Gelişmiş ülkelerde risk faktörü oldukça düşük yatırım aracı olan gayrimenkul, ülkemizde - bir gayrimenkul uzmanına danışmadan yapılacak taşınmaz tabanlı işlemlerde- en riskli yatırım araçlarından biri olabilmektedir. Nitekim tapusunu daha yeni aldığınız arsanızın, belediyeye gidene kadar park alanına dönüşme ihtimali hiç de az değildir. Ya da proje üzerinden satın aldığınız yeni bir dairenin tapu kayıtlarında farklı bir katta adınıza tescil olma ihtimali her zaman söz konusu olabilmektedir.

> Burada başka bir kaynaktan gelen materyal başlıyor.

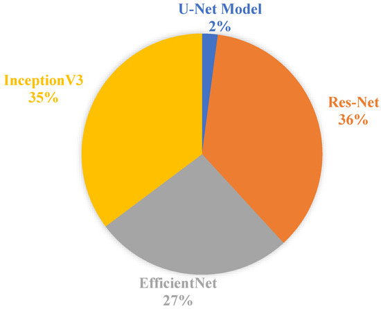 Figure 26 illustrates the distribution of file sizes for the models. The U-Net model exhibits the smallest file size. The model, around 50 MB in size, possesses the greatest predictive capability. According to Table 9, the mean prediction time for all models, excluding Efficient Net, is 0.07 s. The model exhibits the lowest F1 and IoU scores for Efficient Net. As demonstrated in the models, as the F1 score drops below 0.95, the predictive performance of the model diminishes, while its generalization capability enhances.
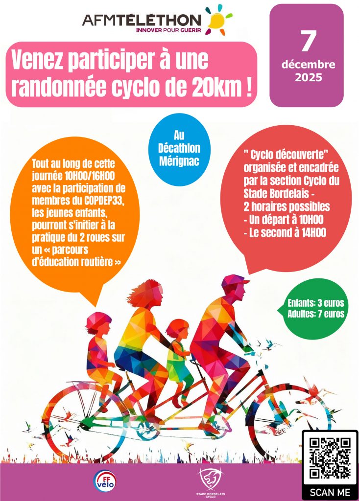 Dans le cadre de la 39ème édition du Téléthon 2025, ce dimanche 7 décembre 2025, au sein du village Décathlon de Mérignac, la Section Cyclo du Stade Bordelais vous convie à participer à une randonnée cyclo découverte.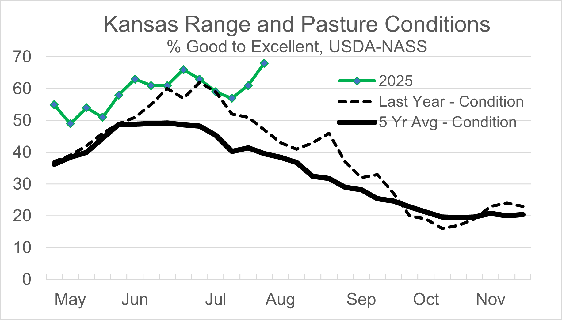 According to the National Agricultural Statistics Service (NASS), for the week ending August 3, 2025, Kansas pasture and range conditions rated 4% very poor, 8% poor, 20% fair, 55% good, and 13% excellent. The 68% in the combined good/excellent category is the best for week 31 since the 70% good/excellent reached in 2019 and then again in 2016 (2009 to 2025 data).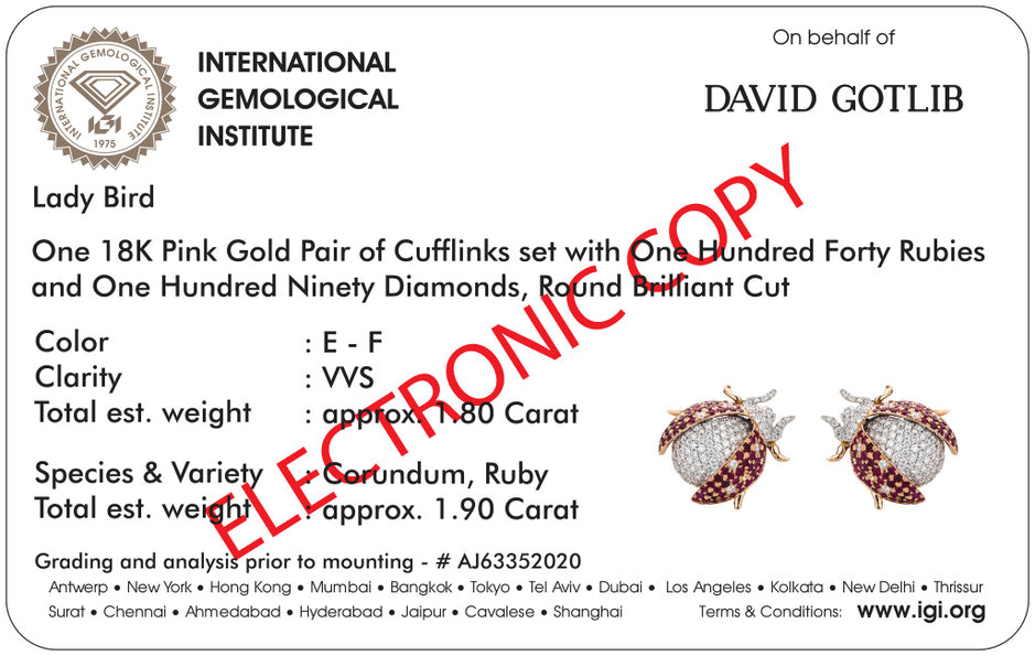 Every pair of cufflinks is delivered in our distinctive premium box, accompanied by its IGI certificate, ensuring unparalleled quality and authenticity.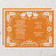 Pape orange Picado inséparables programme plié fiesta mariage. Il présente deux lovebirds blancs et un coeur d'amour avec le mot amour et fleurs, feuille et petits points sur le rouge sur la couleur orange. Ce style d'art folklorique mexicain à mariage fleuri design modèle est entièrement personnalisable. Utilisez seulement ce type de papier comme il se plie bien.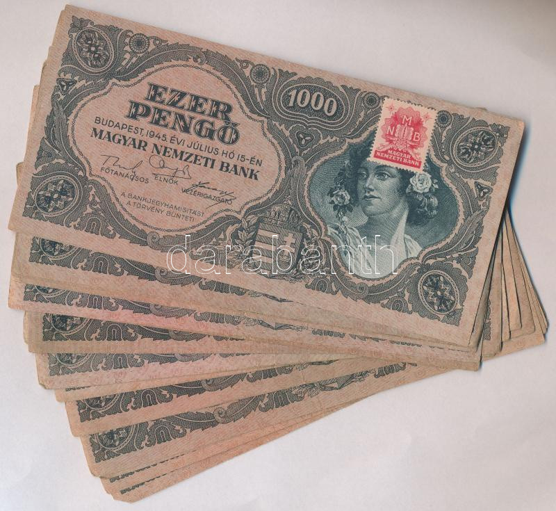Beschreibung: 1945. 1000P (30x) mind piros "MNB" bélyeggel T:I--III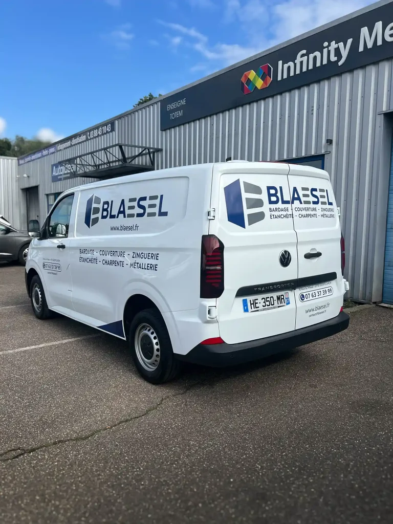 Véhicule professionnel BLAESEL après pose du marquage, alliant visibilité et identité de marque dans le Bas-Rhin.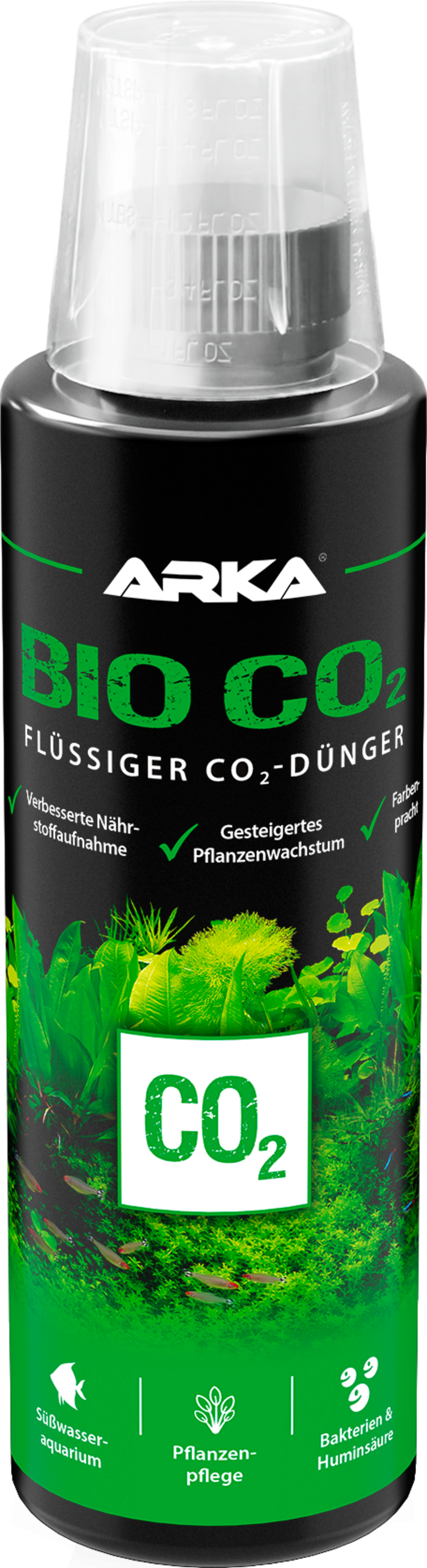 Kot mikrobni vir ogljika Bio-CO2 podpira rast in zdravje rastlin v sladkovodnih akvarijih. Naravna huminska kislina in koristne bakterije pomagajo izboljšati absorpcijo in izrabo pomembnih hranil, kot so rastlinska gnojila. Bio-CO2 spodbuja zdravo in živahno rast vodnih rastlin in zagotavlja intenzivne barve, hkrati pa preprečuje neželeno rast alg.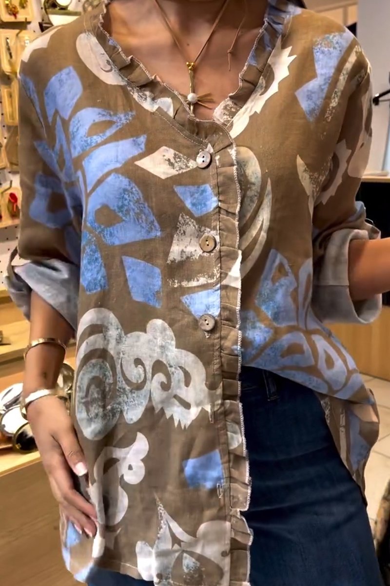 Damska koszula z długim rękawem i nadrukiem w stylu casual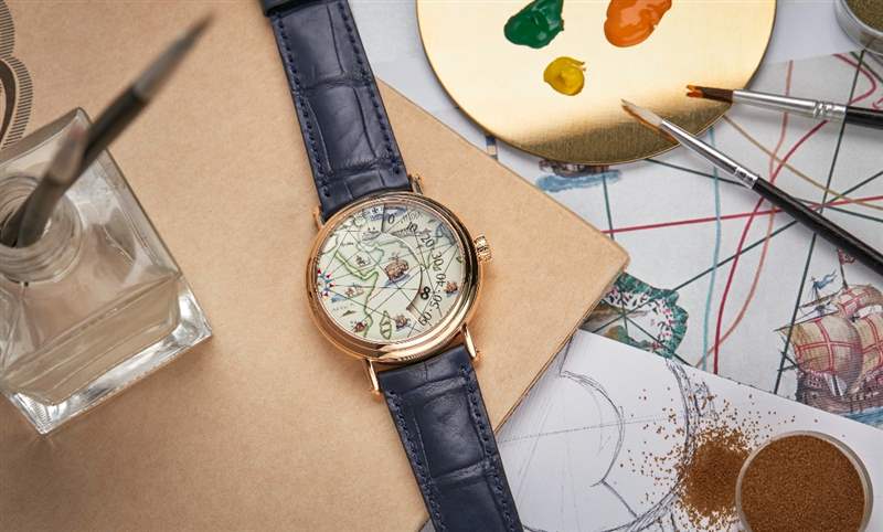 所謂的琺瑯是由晶體與金屬氧化物構(gòu)成,呈彩色顆粒狀。琺瑯工藝的程序是,先將之研磨成精細(xì)粉末,隨后加工成類似顏料的釉彩,并依次著色。先在表盤覆上背景釉彩,再依序勾繪表盤上的圖案,陸地的輪廓飾以金色琺瑯粉末,隨后是船只、動(dòng)植物和風(fēng)向玫瑰羅盤圖案等裝飾細(xì)節(jié),采用極為細(xì)致的微繪技藝,勾勒出豐富的細(xì)節(jié)和漸變色澤。這些細(xì)膩的色彩由琺瑯大師反覆調(diào)配而成,每上一次色都需要再次燒制,因?yàn)楝m瑯中的礦物質(zhì)在高溫融化后,才能煥發(fā)出獨(dú)特而富有層次感的光澤。

Oysa insanımız alacağı bir araba için dahi hemen bir araba ustası, ya da hastalık durumunda en iyi uzman hekimi araştırıp bulabiliyor. Ancak, uğruna yıllarını ve emeğini verdiği, dişinden tırnağından arttırdığı ile satın alacağı arsa, arazi ya da daire için neden bir arazi yönetim uzmanına danışmayı akıl etmiyor? Oysa sonuçları itibariyle ciddi ekonomik riskler taşıyan bu hususun insanlarımız tarafından neden ihmal edildiği, çözümü zor, çok bilinmeyenli bir denklem gibi duruyor karşımızda...
Son günlerde vatandaşların satın aldığı dairelerin, söylenen alandan farklı çıkması, hepimize "yok artık" nidaları attırsa da, konunun gerçek boyutunun olduğu, Bakanımız Sayın Erdoğan Bayraktar'ın bu tür sorunlara imar yasasında yapılacak düzenlemelerle çözüm aramasından anlaşılmaktadır… Hiç ahlaki bir durum değil ama önemli değil biz zaten millet olarak, pazardan aldığımız 200 kilo değerindeki kurbanlığın, 100 kilo değerinde çıkmasından alışığız bu tür hadiselere...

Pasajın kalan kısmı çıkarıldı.